• **THE INPUT**:
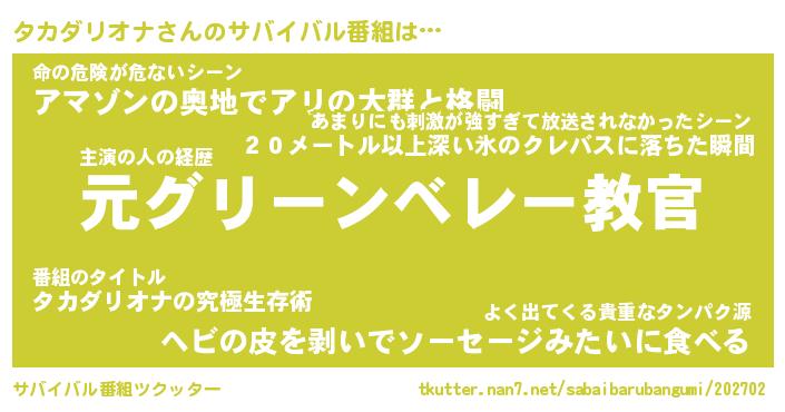 | 2回繰り返すあだ名 | 『タカタカ』『タタカカ』『くたくた』 |
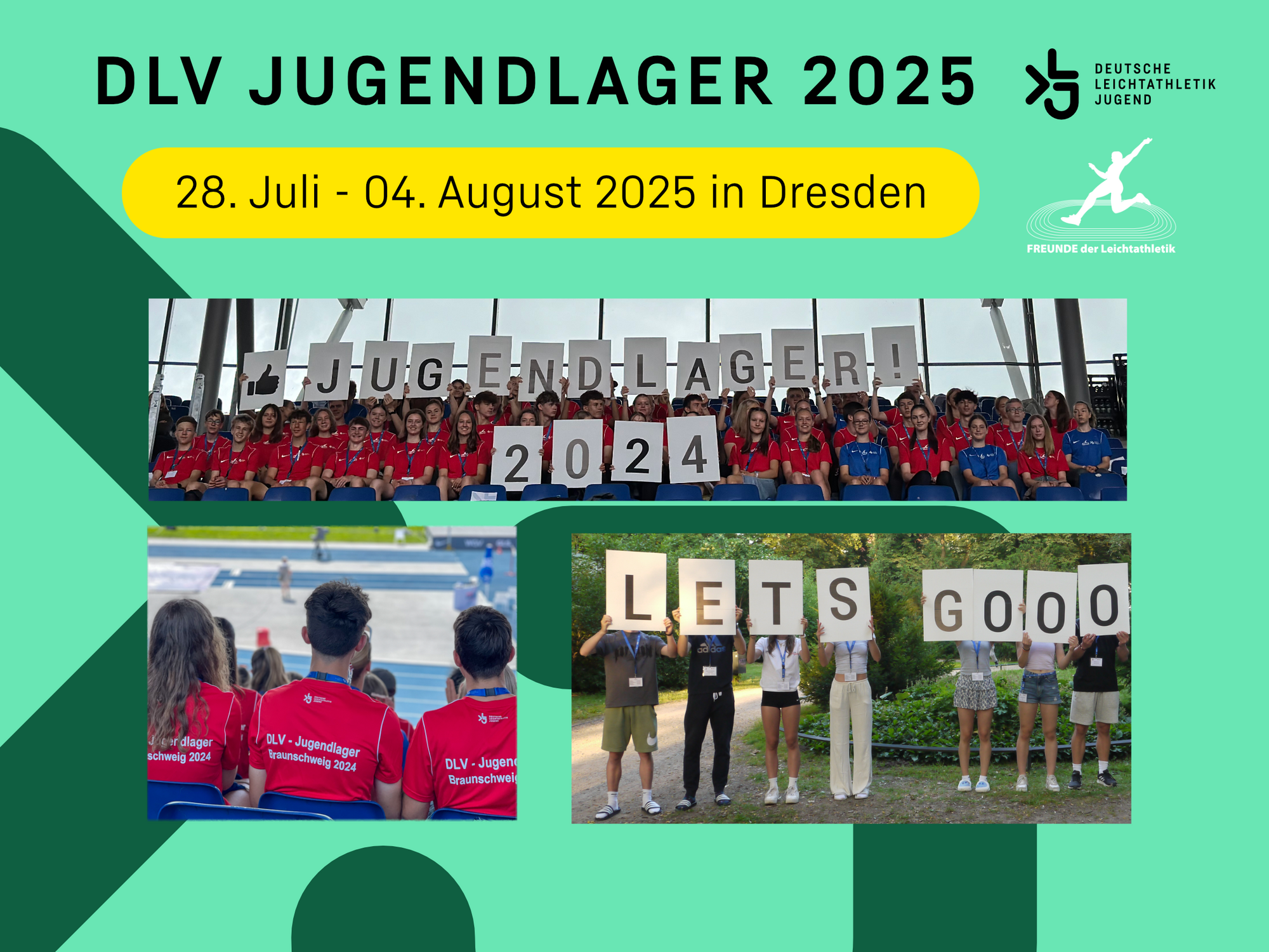 Auch in diesem Jahr findet es statt – das DLV-Jugendlager. Im Rahmen der Deutschen Leichtathletik-Meisterschaften in Dresden kommen hier jugendliche Athlet*innen aus allen Landesverbänden Deutschlands zusammen und verbringen eine sport- und erlebnisreiche Zeit! Der Hessische Leichtathletik-Verband kann vier Jugendliche entsenden und weitere Nachrücker*innen benennen, sollte ein anderer Landesverband seine Plätze nicht aufbrauchen. Dazu schreibt die HLV-Jugend diese Plätze für hessische Teilnehmer*innen der Jahrgänge 2008 bis 2010 aus und freut sich über die Bewerbungen. Das Jugendlager dient der Anerkennung sportlicher Leistung, geleisteter Jugendarbeit oder in anderer Weise herausragender Athleten. Daher wünschen wir uns viele Bewerbungen von interessierten Jugendlichen im entsprechenden Alter! Das DLV-Jugendlager findet vom 28. Juli bis 04. August in Dresden statt - alle Informationen und Kontaktmöglichkeiten befinden sich im Flyer (siehe unten).
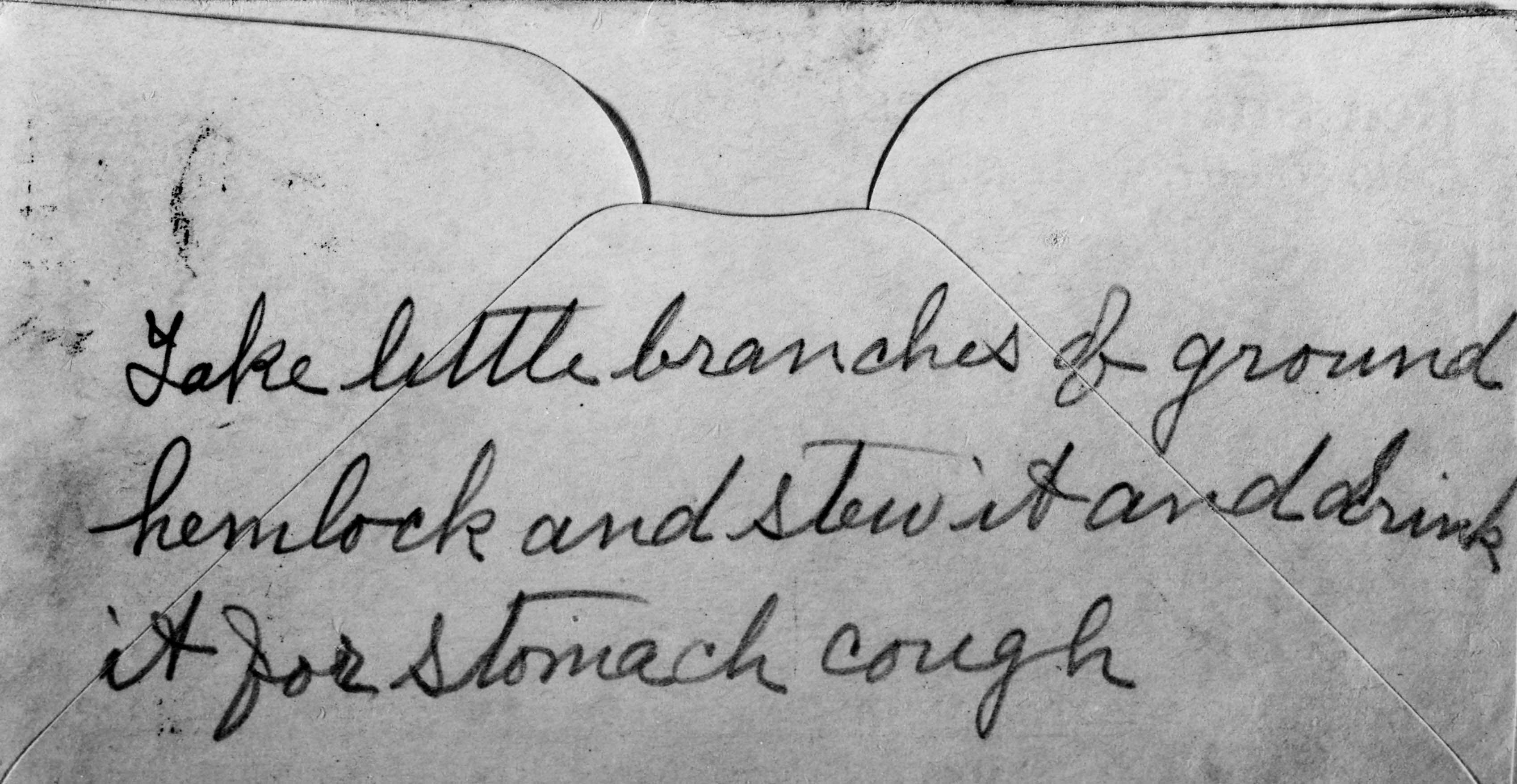 Medicinal Recipe. Take little branches of ground hemlock, stew it and drink it for stomach cough.
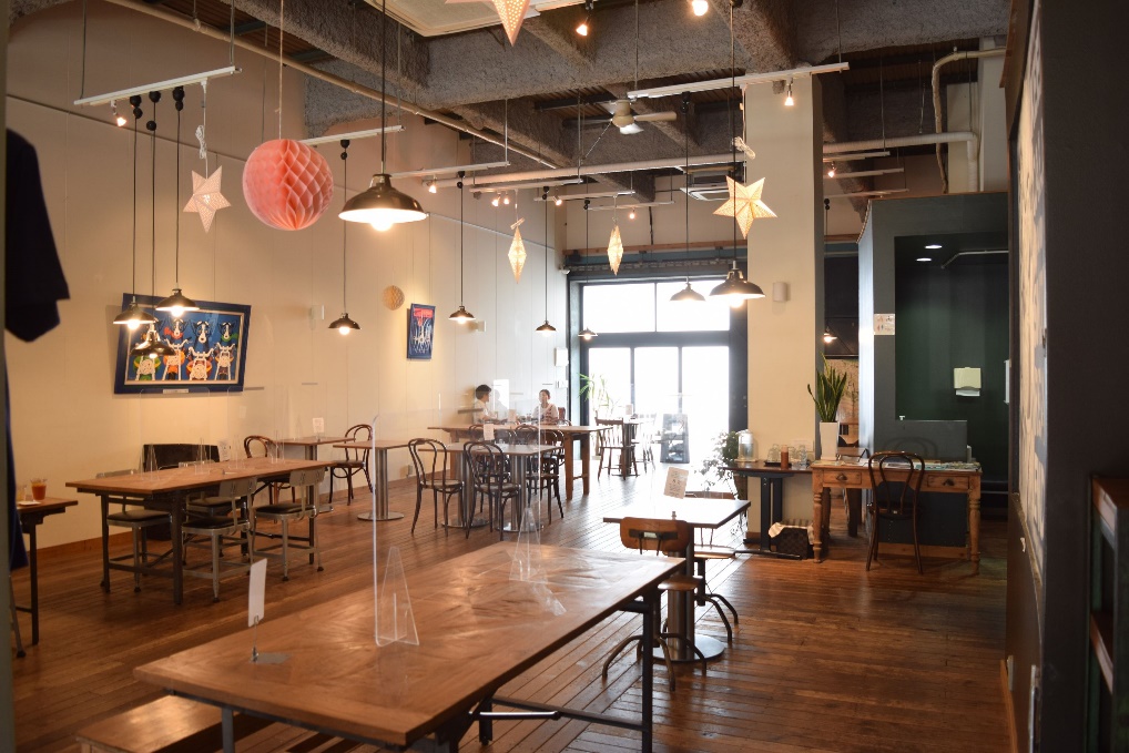 テーブルが並ぶ店内は明るく開放感があり、倉庫の雰囲気はあまり感じさせない。とはいえもとは人の滞在を前提としていない建物だ。「電気やガス、水道を引くのが大変でした」と話すのは、リノベーションを担当したアンドロッジの代表・畑山慶氏。改装にあたっては、バリアフリーも兼ねて床を50cmほどかさ上げし、配管を埋設。ガスはプロパン。トイレは独立した建物を倉庫内に建てるような構造として、飲食店への用途変更を実現した。
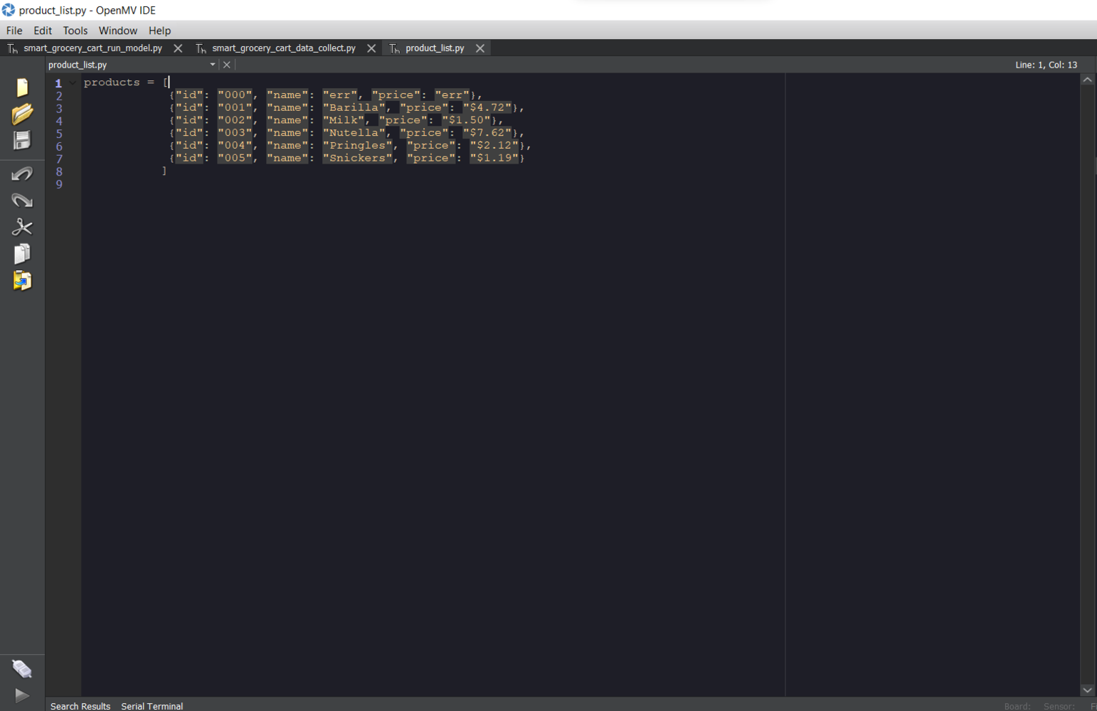 Before proceeding with the following steps, I needed to install the OpenMV IDE in order to program OpenMV Cam H7. Plausibly, the OpenMV IDE includes all required libraries and modules for this project. Therefore, I did not need to download additional modules after installing the OpenMV IDE from here. You can get more information regarding the specific OpenMV MicroPython libraries from here. After setting up OpenMV Cam H7 on the OpenMV IDE, I programmed OpenMV Cam H7 to capture product images in order to store them on the SD card and create appropriately labeled samples for the Edge Impulse object detection (FOMO) model. Since I decided to distinguish foods and drinks with classes while creating a valid data set for the object detection model, I utilized the joystick attached to OpenMV Cam H7 so as to choose among two different classes. After selecting a class, OpenMV Cam H7 captures a picture, appends the selected class name (Food or Drink) with the current date & time to the file name, and then saves the captured image to the SD card under the samples folder.- Joystick (Up) β‘ Food
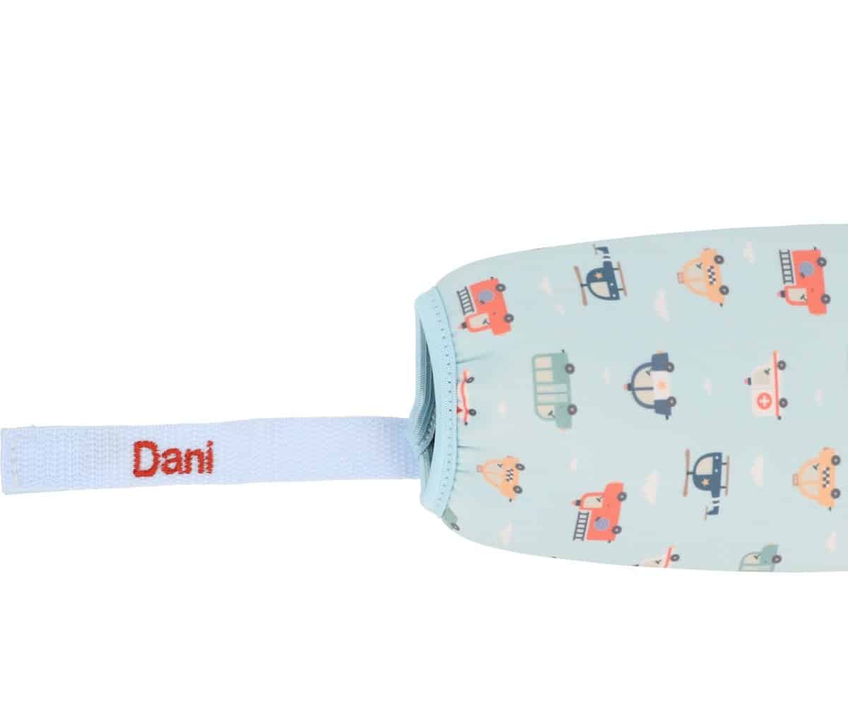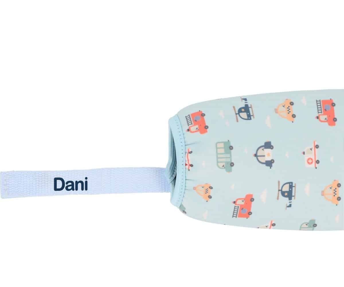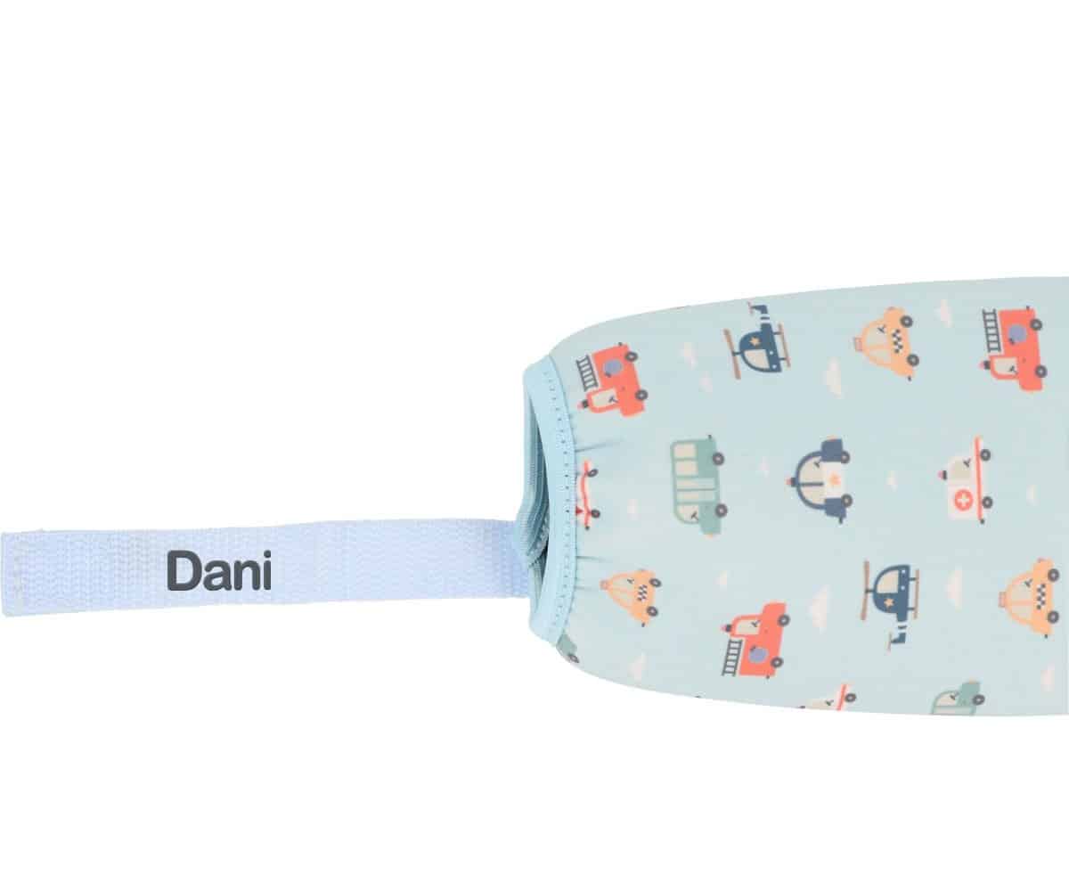 Esta botella de acero inoxidable de 500 ml con funda de neopreno de la colección City Cars de Tutete es la opción perfecta para mantener el agua fresca durante más tiempo y reducir el uso de plásticos. Su funda extraíble, además de proteger la botella, se puede personalizar con el nombre de tu peque, haciéndola única y fácil de identificar.

• **TASK DETAILS**: Print the listing above in full, exactly as written. Omit any pictures.

• **ANSWER FOR THIS EXERCISE**:
 | 2回繰り返すあだ名 | 『タカタカ』『タタカカ』『くたくた』 |
 Auch in diesem Jahr findet es statt – das DLV-Jugendlager. Im Rahmen der Deutschen Leichtathletik-Meisterschaften in Dresden kommen hier jugendliche Athlet*innen aus allen Landesverbänden Deutschlands zusammen und verbringen eine sport- und erlebnisreiche Zeit! Der Hessische Leichtathletik-Verband kann vier Jugendliche entsenden und weitere Nachrücker*innen benennen, sollte ein anderer Landesverband seine Plätze nicht aufbrauchen. Dazu schreibt die HLV-Jugend diese Plätze für hessische Teilnehmer*innen der Jahrgänge 2008 bis 2010 aus und freut sich über die Bewerbungen. Das Jugendlager dient der Anerkennung sportlicher Leistung, geleisteter Jugendarbeit oder in anderer Weise herausragender Athleten. Daher wünschen wir uns viele Bewerbungen von interessierten Jugendlichen im entsprechenden Alter! Das DLV-Jugendlager findet vom 28. Juli bis 04. August in Dresden statt - alle Informationen und Kontaktmöglichkeiten befinden sich im Flyer (siehe unten).
 Medicinal Recipe. Take little branches of ground hemlock, stew it and drink it for stomach cough.
 テーブルが並ぶ店内は明るく開放感があり、倉庫の雰囲気はあまり感じさせない。とはいえもとは人の滞在を前提としていない建物だ。「電気やガス、水道を引くのが大変でした」と話すのは、リノベーションを担当したアンドロッジの代表・畑山慶氏。改装にあたっては、バリアフリーも兼ねて床を50cmほどかさ上げし、配管を埋設。ガスはプロパン。トイレは独立した建物を倉庫内に建てるような構造として、飲食店への用途変更を実現した。
 Before proceeding with the following steps, I needed to install the OpenMV IDE in order to program OpenMV Cam H7. Plausibly, the OpenMV IDE includes all required libraries and modules for this project. Therefore, I did not need to download additional modules after installing the OpenMV IDE from here. You can get more information regarding the specific OpenMV MicroPython libraries from here. After setting up OpenMV Cam H7 on the OpenMV IDE, I programmed OpenMV Cam H7 to capture product images in order to store them on the SD card and create appropriately labeled samples for the Edge Impulse object detection (FOMO) model. Since I decided to distinguish foods and drinks with classes while creating a valid data set for the object detection model, I utilized the joystick attached to OpenMV Cam H7 so as to choose among two different classes. After selecting a class, OpenMV Cam H7 captures a picture, appends the selected class name (Food or Drink) with the current date & time to the file name, and then saves the captured image to the SD card under the samples folder.- Joystick (Up) β‘ Food
 Esta botella de acero inoxidable de 500 ml con funda de neopreno de la colección City Cars de Tutete es la opción perfecta para mantener el agua fresca durante más tiempo y reducir el uso de plásticos. Su funda extraíble, además de proteger la botella, se puede personalizar con el nombre de tu peque, haciéndola única y fácil de identificar.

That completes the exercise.